= Ali R. Rabi =

Iranian-born academic

Ali R. Rabi is an Iranian-born academic. He was born in Tehran and went to the United States after graduation from High School in 1966.

==Education==
He earned his B.S. and M.S. in Architectural Technology and Ph.D. in City and Regional Planning.

==Academic career==
He returned to Iran in 1974 where he taught at the University of Tehran School of Architecture while practicing regional planning at the Plan and Budget Organization. He also served as the senior advisor in the Ministry of Housing and Urban Development. After the Iranian Revolution, he served at the Vice Chancellor and Dean of Education at Farabi University. From 1982 to 1984, he served as the Chief Planner of Fisheries, Ahwaz Still Mill Plant, and Regional Planning Group.

==Business activities==
He moved back to United States and established his own business in Northern Virginia. He operated this business until 2000. In 2001, he initiated the International University of Iran as the platform for bridging Iranian specialists and academics abroad with the scientific communities in Iran.

Dr. Rabi has been working on the Virtual University project during the past 10 years in Iran, the Middle East, Europe and the United States. He is currently a visiting scholar at the University of Maryland, College Park, Center for International Development and Conflict Management. His areas of interests include: *Information Society,
- Information Technology and International Development,
- e-Learning
- Political Economy.

He is also the founder and co-chair of the Middle East Citizens Assembly.

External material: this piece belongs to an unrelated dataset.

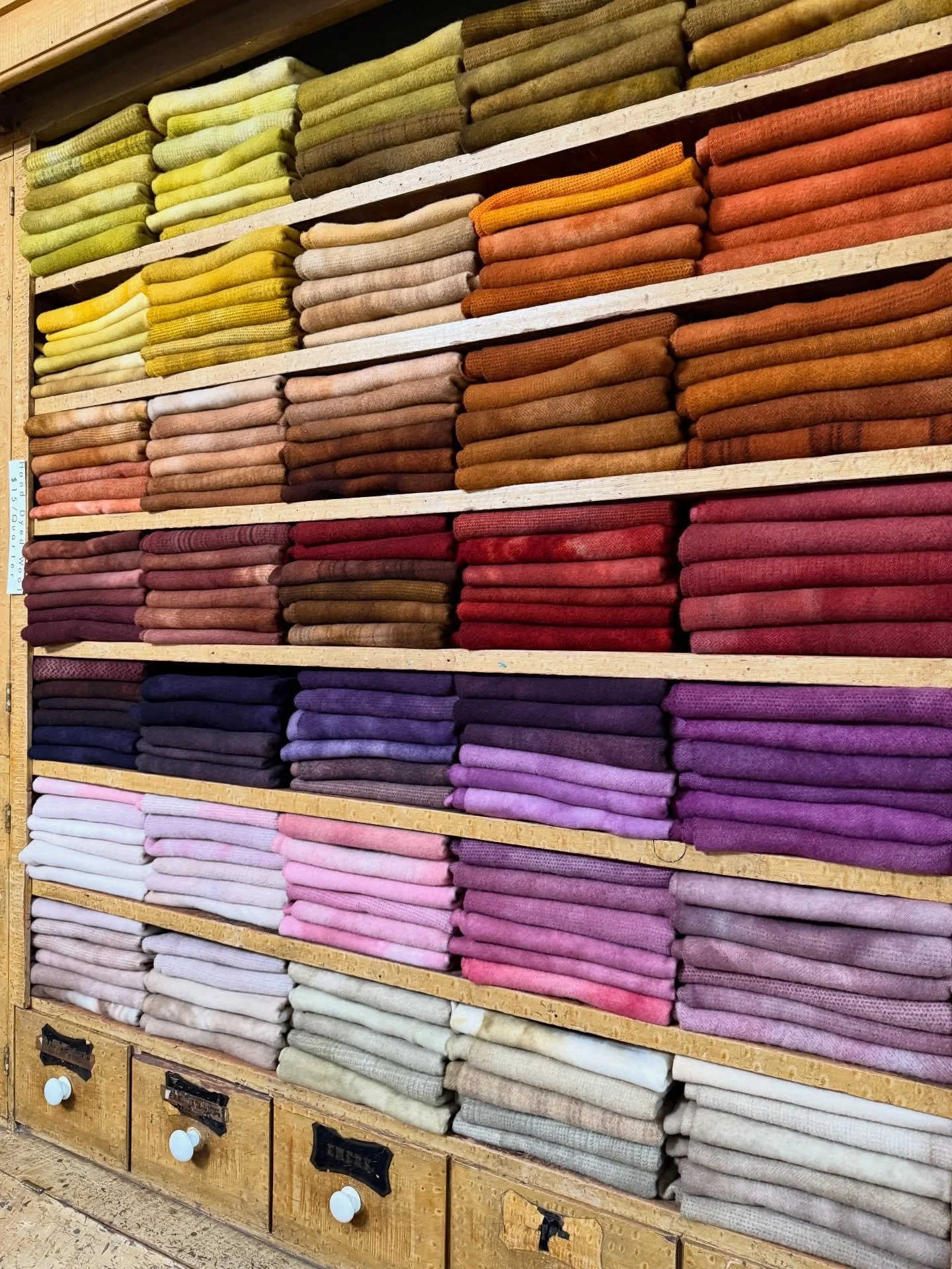 We are located in an old general store built in 1860. The original cabinetry can be found stuffed full of woolens, threads, yarn, and other items for creating. We specialize in rug hooking, punch needle and wool appliquΓ©, but also carry a great selection of vintage items, antiques, Rifle Paper Co. stationary and other gifts. Visit our classes page or calendar to find upcoming events and classes.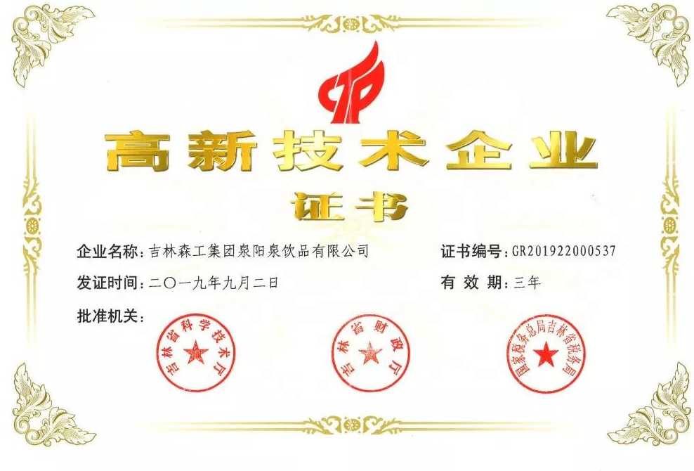 ? ? ? 根據科學技術廳、吉林省財政廳、國家稅務總局聯合頒布的《關于公布吉林省2019年第一批國家高新技術企業認定結果的通知》,經過層層審核,吉林森工集團泉陽泉飲品有限公司由吉林省科學技術廳、吉林省財政廳、北京市國家稅務局、國家稅務總局吉林省稅務局局聯合批準下發的高新技術企業認定。

Ali Rabi has interest in poetry, painting and politics.

==Positions held==
- Chancellor, International University of Iran (IUI)
- Founding Chair, Middle East Citizens Assembly (MECA)
- Board Member, Iran-America Peace Forum
- Board Member, Campaign Against Sanctions and Military Intervention in Iran CASMII
- Visiting Scholar, Center for International Development and Conflict Management, University of Maryland, College Park, Maryland.